All the foregoing elements were present in the case at bar.

Illuminada Delmo Valle made representations to each of the complainants that she could send them to London for employment as salesladies, waitresses, service crew, cooks or helpers in fastfood chains or department stores. This constitutes a promise of employment which amounts to recruitment as defined in Article 13 (b) of the Labor Code. All the complaints positively identified her as the person who promised them employment abroad for a fee.[16]

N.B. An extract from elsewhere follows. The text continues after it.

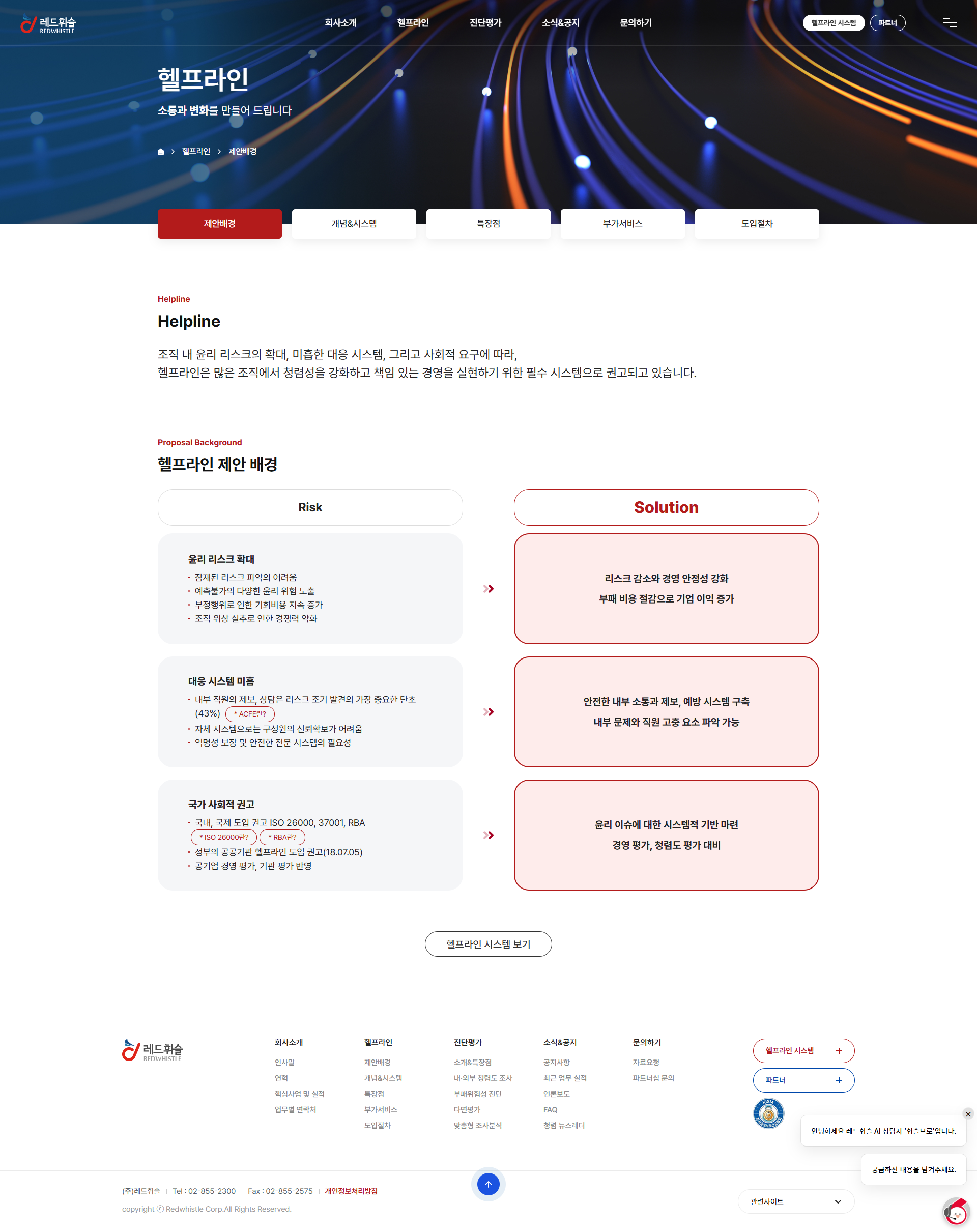 (주)레드휘슬은 국내 최초로 컴플라이언스 전문 서비스를 시작한 기업으로, 조직의 청렴성 유지를 위한 윤리경영 시스템 '헬프라인'과 내·외부 청렴도 조사·부패위험성 진단·다면평가·맞춤형 조사분석의 '진단평가'의 2대 핵심 서비스를 운영하고 있습니다. 헬프라인의 익명성 보장·보안성·13년 운영 신뢰도와 진단평가의 전문성이 기존 홈페이지에서 명확히 전달되지 않았고, 잠재 고객의 문의·자료요청·파트너십 연결 채널이 분산되어 있었습니다.

Accused's self -serving statement that she was just an employee of Claire Recruitment General Services which is a licensed recruitment agency are belied by the testimonies of the complaining-witnesses. She failed to establish an employment relationship with Claire Recruitment General Services. She did not present the owner and operator of CRGS as a witness to prove their relationship. In fact, accused did not explain why recruitment activities were done in her residence at Guadalupe, Makati City , when she claimed that CRGS is located in Delpan Street, Makati City .

In fine, there is no doubt as to accused-appellant's guilt. All the essential elements of the crime of illegal recruitment in large scale have been established beyond reasonable doubt. Accused-appellant recruited at least five persons, giving them the impression that she had the capability of sending them to London to be employed as salesladies, waitresses, service crew, cooks or helpers in fastfood chains or department stores. She collected various amounts for recruitment and placement fees without license or authority to do so. Large scale illegal recruitment is punishable by life imprisonment and a fine of P100,000.00 under Article 39 (a) of the Labor Code.[17] Hence, the trial court imposed the proper penalty .

WHEREFORE, the appealed decision is hereby AFFIRMED in toto.

With costs against accused-appellant.

SO ORDERED.

Davide, Jr., C.J., Puno, Kapunan, and Ynares-Santiago, JJ., concur.



[1] In Criminal Case Nos. 96-924-925, Decision, dated August 15, 1996, Judge Salvador S. Abad Santos, presiding, Rollo, pp. 29-32.

[2] RTC Record, pp. 28-30.

[3] RTC Record, pp. 1-3.

[4] Certificate of Arraignment, RTC Record, p. 93.

[5] TSN, May 14, 1996, pp. 7-9; TSN, May 20, 1996, pp. 4-23.

[6] Dated March 1, 1996 and May 23, 1996 issued by POEA, RTC Records, p. 29 and p. 163.

[7] TSN, May 23, 1996, pp. 4-5.

[8] Complaint sheet and sinumpaang salaysay of the complainants, RTC Records, pp. 13-28, 9-27, 34-79.

[9] TSN, May 29, 1996, pp. 8-10.

[10] RTC Record, p. 30.

[11] TSN, June 21, 1996, pp. 4-21.

[12] RTC Decision, Rollo, pp. 29-32, at p. 32.

[13] Rollo, p. 231.

[14] Rollo, pp. 68-95.

[15] People vs. Banzales, G.R. No. 132289, July 18, 2000.

[16] TSNs, May 14, 1996, p. 6, May 20, 1996, p. 34, May 23, 1996, p. 9.

[17] People vs. Hernandez, 304 SCRA 186 (1999).